Придет время, и вы узнаете мое имя. А может быть, не узнаете никогда. Но поверьте, все, о чем я рассказываю, — правда. Все это было.
Скажите, что вы делаете по вечерам? По вечерам, когда на город опускаются сумерки? Включаете телевизор? Или идете в театр? А может быть, просто садитесь ужинать?
Я, например, частенько прихожу на этот мост. Я люблю облокотиться о перила и стоять здесь, глядя, как огни танцуют на воде.
На мосту пустынно. Здесь труднее подойти ко мне незаметно. Это не главное, но тоже имеет значение.
Главное в другом. В эти минуты, что я стою над рекой, облокотившись о перила, я выключаюсь из моей нынешней жизни, из которой больше, чем на короткие минуты, мне выключаться не дано.
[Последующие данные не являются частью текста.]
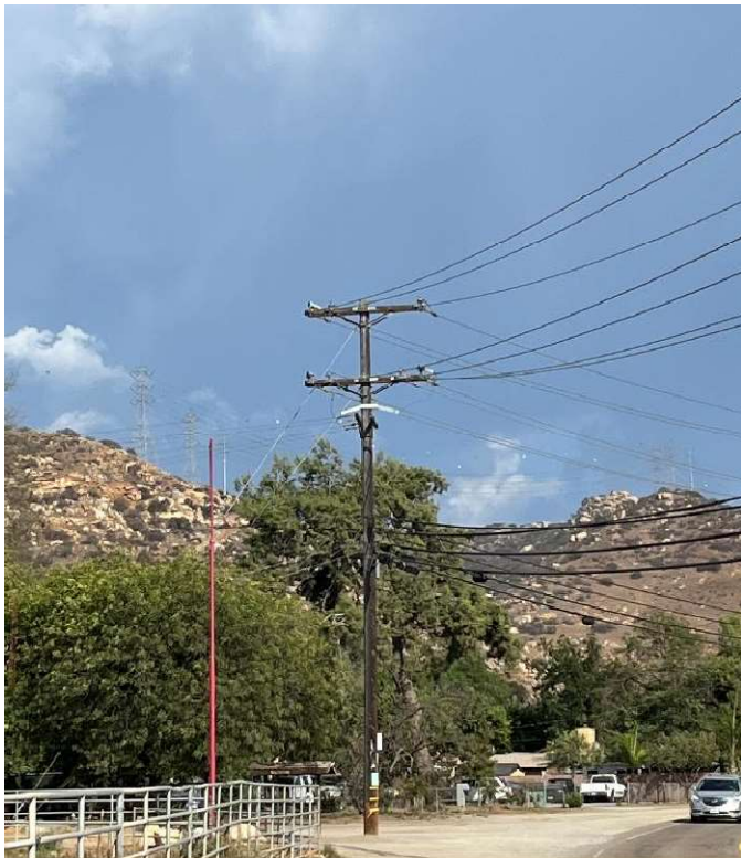
The answer was 49 warning balls on the high-tension wires but you had to look around and have good eyesight
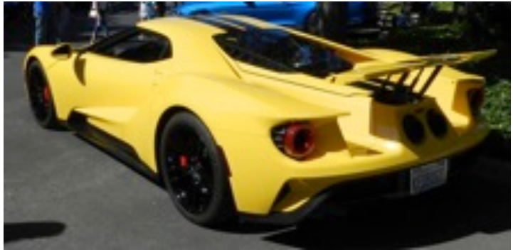
Above: New Ford GT
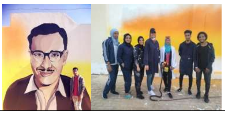
Figure 9: The 900-meter mural of wall of the Suez Stadium
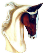
2784 Saddlebred Horse Bust
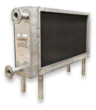
Water Coil with Water Box Header for Industrial Process
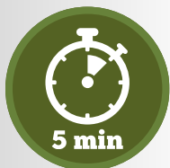
ABI-Q Rapid Screen
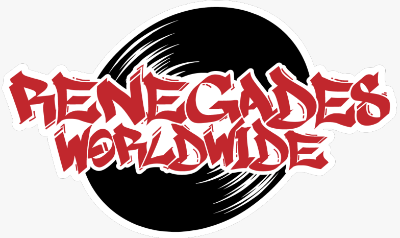
The Renegades Worldwide "LP" logo
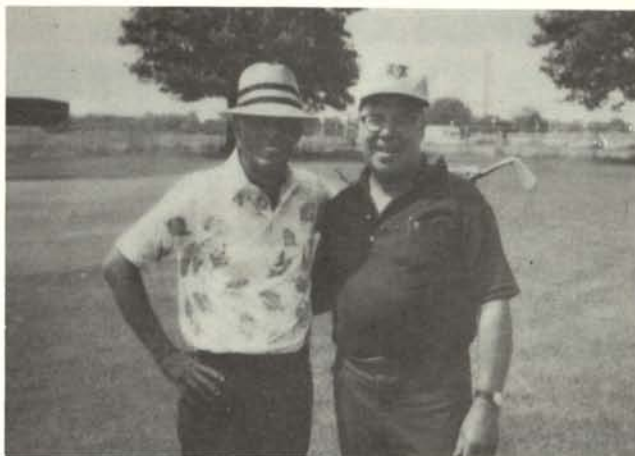
Chi Chi Rodriguez
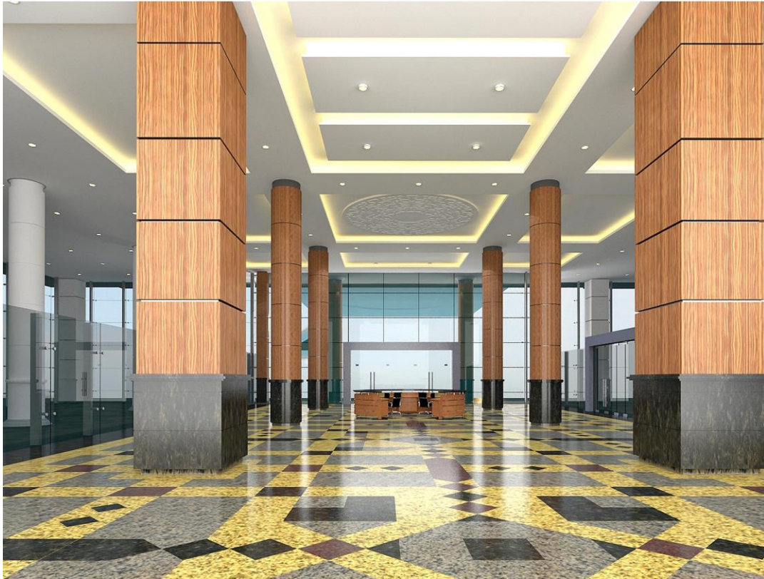
The Main Lobby of Block A
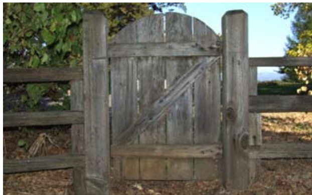
Where is your gateway?
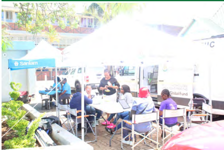
Staff members waiting for services rendered during the event

A role play by wellness clinic team demonstrated the importance of regular testing of HIV/ Aids and adherence to treatment for people to live longer.
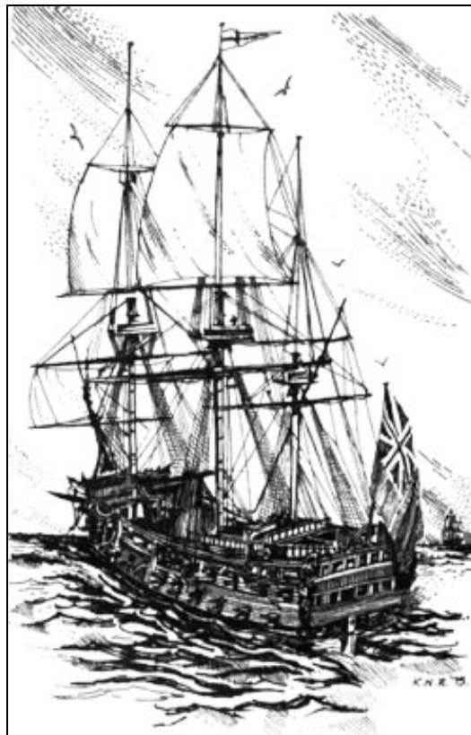
God bless them and all who sail in them
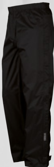
Schwarz 7417 - 0008
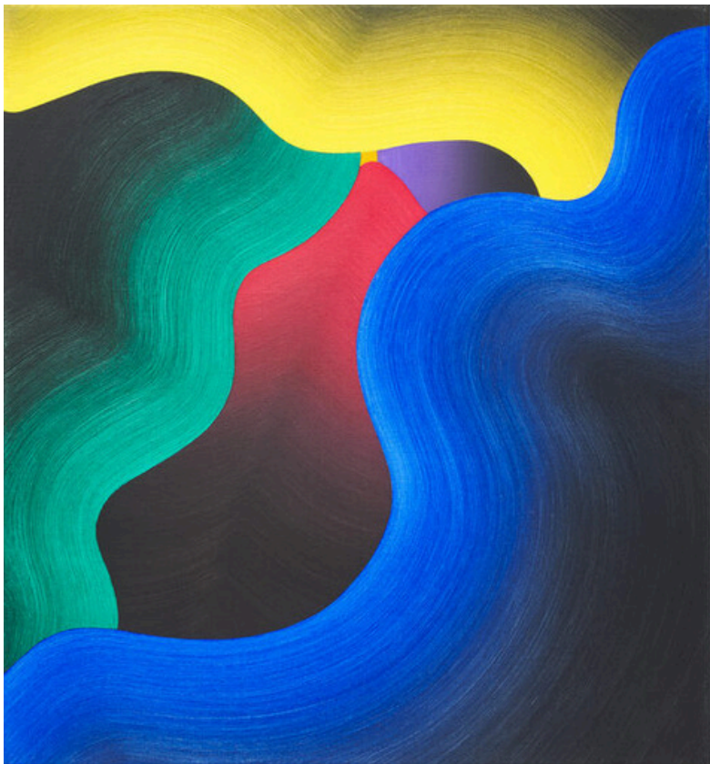
Osamu Kobayashi, Shadow Valley, 2024, oil on canvas, 55x50 cm € 5,000 vat. incl.
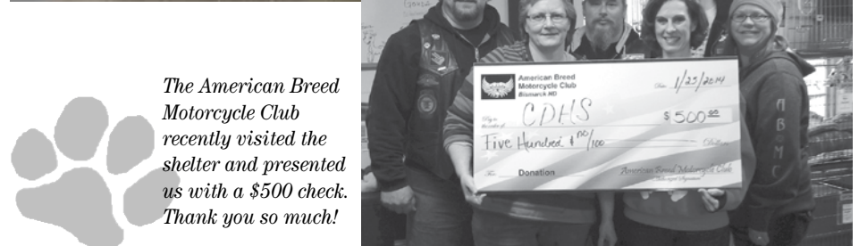
The American Breed Motorcycle Club recently visited the shelter and presented us with a $500 check. Thank you so much!
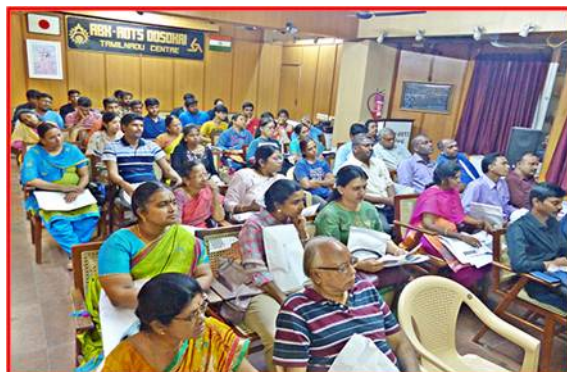
JLPT Proctors Meeting in progress

The Japanese Language Proficiency Test, (JLPT) is being held twice a year on the first Sunday of July & December Annually. Our centre has been identified by the Japan Foundation through the Consulate General of Japan in Chennai for conducting the Japanese Language Proficiency Test for N1 ~ N5 for entire South India on 1 st December 2019 at Vellammal Matriculation Hr. Sec.School, T. S. Krishnanagar, Chennai.
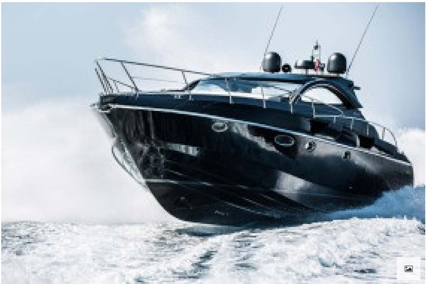
Rizzardi 48IN: mean machine
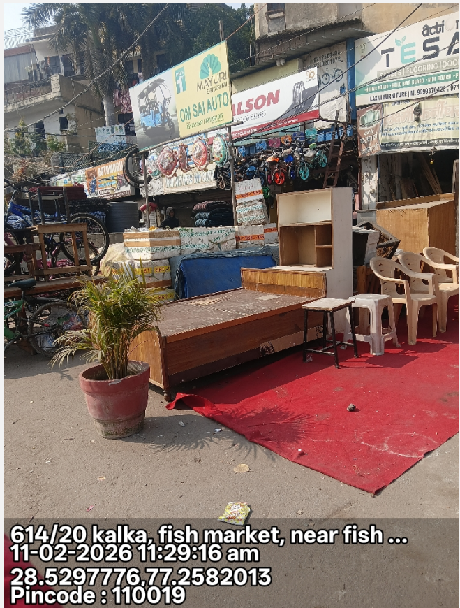
614/20 kalka, fish market, near fish ... 11-02-2026 11:29:16 am 28.5297776,77.2582013 Pincode : 110019

Shop front with horizontal view covering the left & right of the shop establishing if the shop is an individual structure, in a marketplace, highway, isolated place, in a cluster framework.
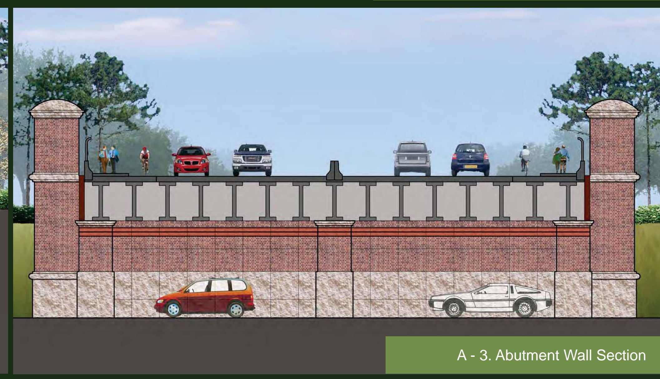
A - 3. Abutment Wall Section
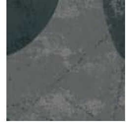
2021 119 L
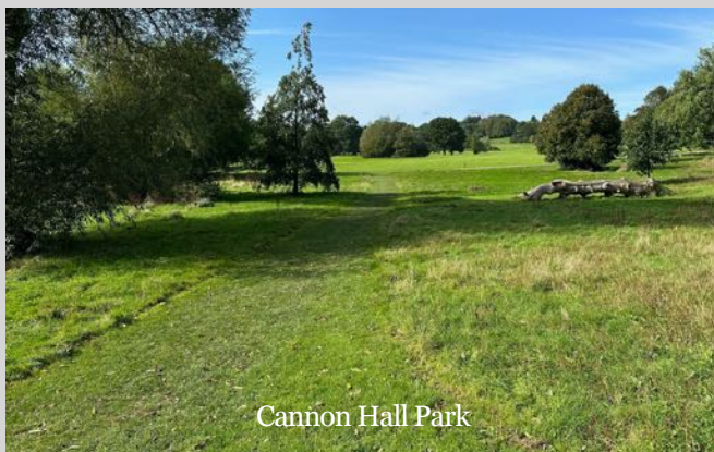
Cannon Hall Park
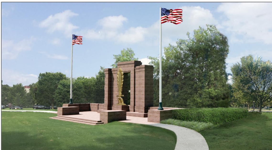
Figure 4. Second Division Memorial

Source: Second Infantry Division Association Memorial Foundation, "Second Infantry Division Memorial Modification," CFA Submission, November 19, 2020, p. 21, at https://www.cfa.gov/system/files/meeting-materials/CFA-19NOV20-2-Second_Division_Memorial_%28pres%29.pdf .
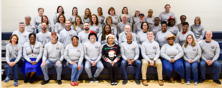
Team REDD during its holiday retreat. Team REDD Rocks!

In FY 2023, Governor Cooper announced 105 RTGF grant awards totaling $48 million in support of rural projects.
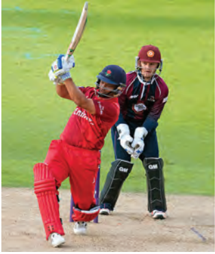
Prince and Davies take control
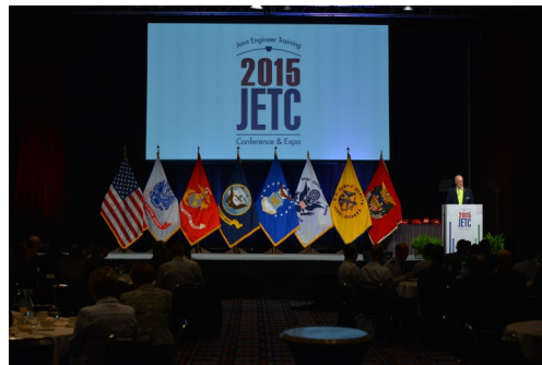
The main stage of the conference.
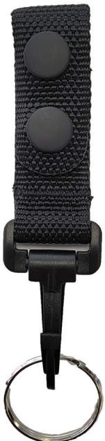
106750 KEY HOLDER 1" WEB DOUBLE SNAP CLOSURE QUICK RELEASE KEY RING AVAILABLE IN: BLACK
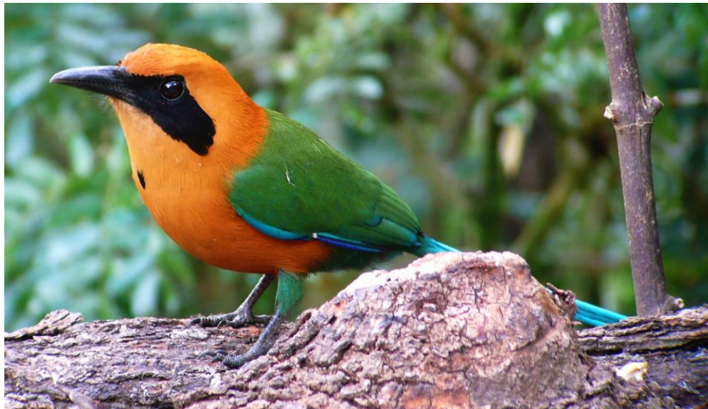
Rufous Motmot

After a tasty lunch, we will pay close attention to the feeders and explore the expansive grounds. Among the many species that visit the garden and feeders are Gray-cowled Wood-Rail; Rufous Motmot; Collared Aracari; Red-crowned Woodpecker; Clay-colored Thrush; Crimson-backed, Flame-rumped, Blue-gray,
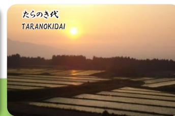
Taranokidai (Tsuruoka City)
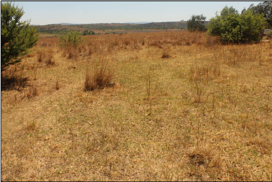
Figure 3: very few vegetation exists in the property

Стоя здесь, я вспоминаю о многом. Именно поэтому я и прихожу сюда, на этот мост, не так уж часто и всего на несколько минут. Полчаса самое большее.
Полчаса — это очень мало. Что может вспомнить за полчаса человек, у которого голова давно поседела?
Седина у меня давно. Я тогда еще был мальчишкой, ходил в невысоких чинах. Ну, не совсем мальчишкой, но по сравнению с собой теперешним…
Тогда волосы у меня были рыжие. Лена называла меня Подсолнух, и я очень сердился. Подсолнух! Это звучало нелепо и неромантично. Подсолнух в сто восемьдесят сантиметров ростом и весом в девяносто килограммов!
— Ну хорошо, — говорила Лена. — Не подсолнух — дуб. Хочешь, я буду называть тебя дубом? По-твоему, это красивей?
Она всегда немного посмеивалась надо мной. Посмеивалась и гордилась. Когда однажды непонятно зачем я снялся статистом в «Александре Невском», Лена хвасталась всем подругам: «Мой Подсолнух-то о кинозвезды выбился!»
Я поседел в один день, вернее, в одну ночь. Слышал, что так бывает, но никогда не думал, что это может произойти со мной.
Произошло.
Я был тогда молод. И чин у меня был невысокий — старший лейтенант. Это в Советской Армии. А в германской был капитаном. Странно, правда? Ничего, в моей профессии еще и не такое бывало.
Чтобы стать хорошим разведчиком, надо многому научиться. Если инженер или бухгалтер плохо изучат свое дело, они станут плохими работниками; если разведчик — он станет мертвецом.
И я учился.
Лена никогда не спрашивала меня ни о чем. Может показаться смешным, но с первой нашей встречи на пляже она никогда ни о чем меня не расспрашивала.
Я тогда шел за ней от самой остановки автобуса и страшно обрадовался, узнав, что она пришла одна. Устроился на песочке рядом. Стал смотреть. Вид у нее был гордый, и я принялся обдумывать план атаки. Она тоже оглянулась на меня, вынула из сумки большое яблоко и стала его есть. Потом снова посмотрела на меня, бросила взгляд на часы и сказала:
— Без двадцати двенадцать!
— Ну и что же? — удивился я.
— Вы ведь все равно рано или поздно спросите, который час?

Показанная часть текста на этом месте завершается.